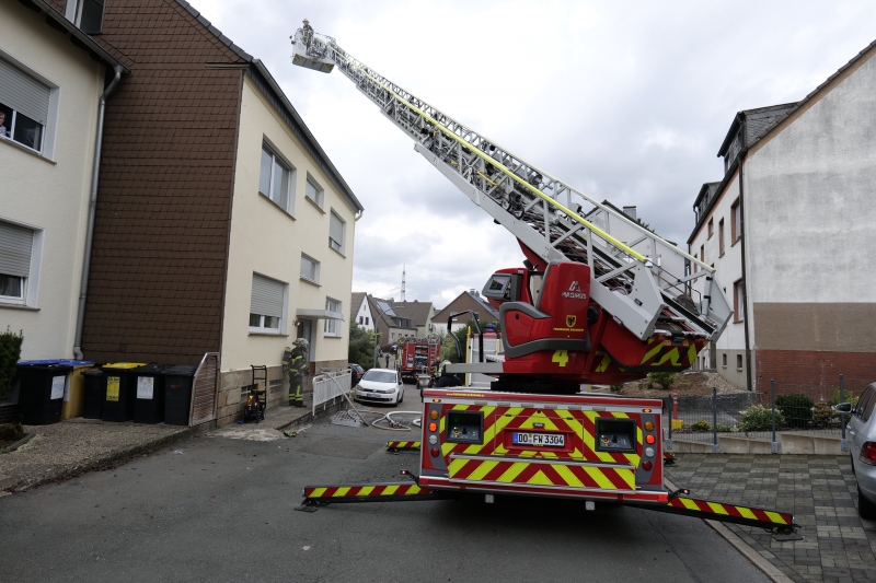 Am Sonntag Nachmittag wurden die Einsatzkräfte von Feuerwehr und Rettungsdienst in den Blausielweg nach Dortmund-Berghofen alarmiert. Dort wurde Rauch aus dem Keller gemeldet, der sich auch schon im Hausflur ausgebreitet hatte. Sofort nach dem Eintreffen machte sich ein Atemschutztrupp der nahegelegenen Feuerwache 4 (Hörde) zur Brandbekämpfung in den Keller auf um die Ursache für den Brandrauch zu suchen. Zeitgleich kontrollierte ein weiterer Trupp das Treppenhaus nach möglichen Personen. Einige Bewohner des Hauses konnten sich ins Freie begeben, während andere in ihren sicheren Wohnungen verblieben, da der Fluchtweg durch das Treppenhaus durch den Rauch nicht ohne Gefahr passierbar war. Von außen wurden sie dann über die Drehleiter an den Fenstern betreut. Verletzt wurde bei diesem Einsatz niemand. Das Feuer im Untergeschoss, verursacht durch Elektrogeräte, konnte schnell gelöscht werden. Der entstandene Rauch im Keller und im Treppenhaus wurden im Anschluss noch mit Hochleistungslüftern entfernt. Nach etwas mehr als einer Stunde waren die Maßnahmen der Feuerwehr beendet und die Bewohner konnten zurück in ihre Wohnungen. Die genaue Entstehungsursache wird nun von der Polizei ermittelt. Ca. 40 Einsatzkräfte der Feuerwache 4 (Hörde), Feuerwache 3 (Neuasseln), dem Löschzug 13 der Freiwilligen Feuerwehr und dem Rettungsdienst waren vor Ort.
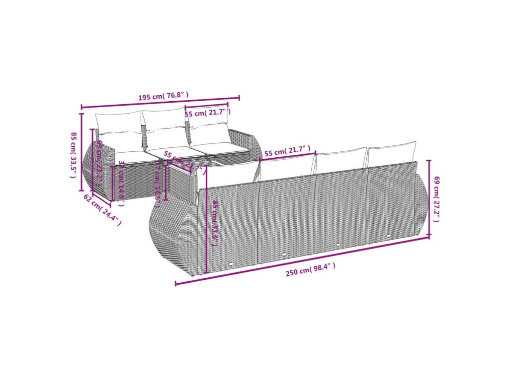 8dílná zahradní sedací souprava s poduškami černá polyratan 3257238
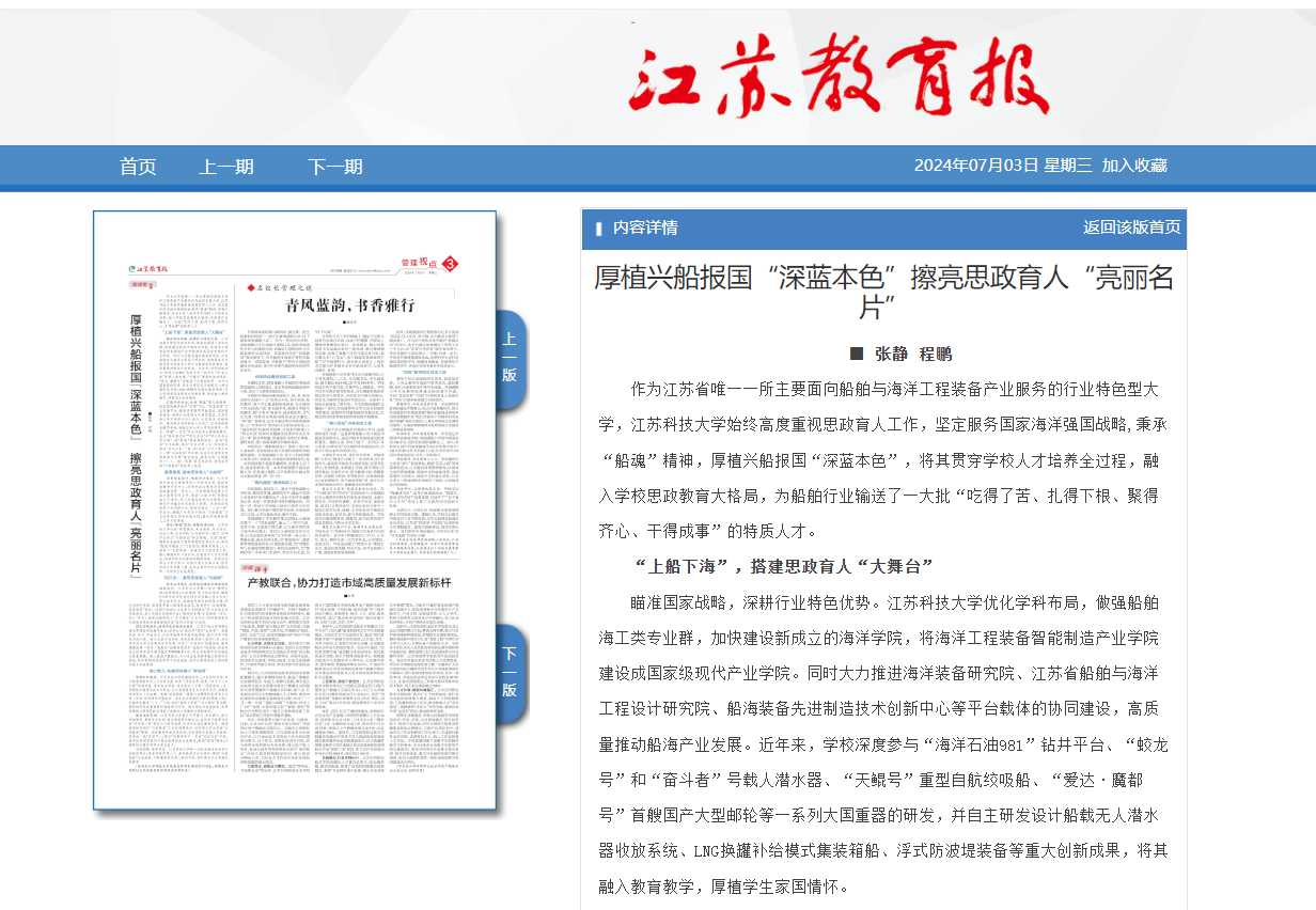 作為江蘇省唯一一所主要面向船舶與海洋工程裝備產業服務的行業特色型大學,江蘇科技大學始終高度重視思政育人工作,堅定服務國家海洋強國戰略,秉承“船魂”精神,厚植興船報國“深藍本色”,將其貫穿學校人才培養全過程,融入學校思政教育大格局,為船舶行業輸送了一大批“吃得了苦、扎得下根、聚得齊心、干得成事”的特質人才。

Problem to solve
Leaving every picture out, please copy exactly the lines from the one holding "8dílná zahradní sedací" through the last line of the listing, both ends included.

Exercise response
 8dílná zahradní sedací souprava s poduškami černá polyratan 3257238
 作為江蘇省唯一一所主要面向船舶與海洋工程裝備產業服務的行業特色型大學,江蘇科技大學始終高度重視思政育人工作,堅定服務國家海洋強國戰略,秉承“船魂”精神,厚植興船報國“深藍本色”,將其貫穿學校人才培養全過程,融入學校思政教育大格局,為船舶行業輸送了一大批“吃得了苦、扎得下根、聚得齊心、干得成事”的特質人才。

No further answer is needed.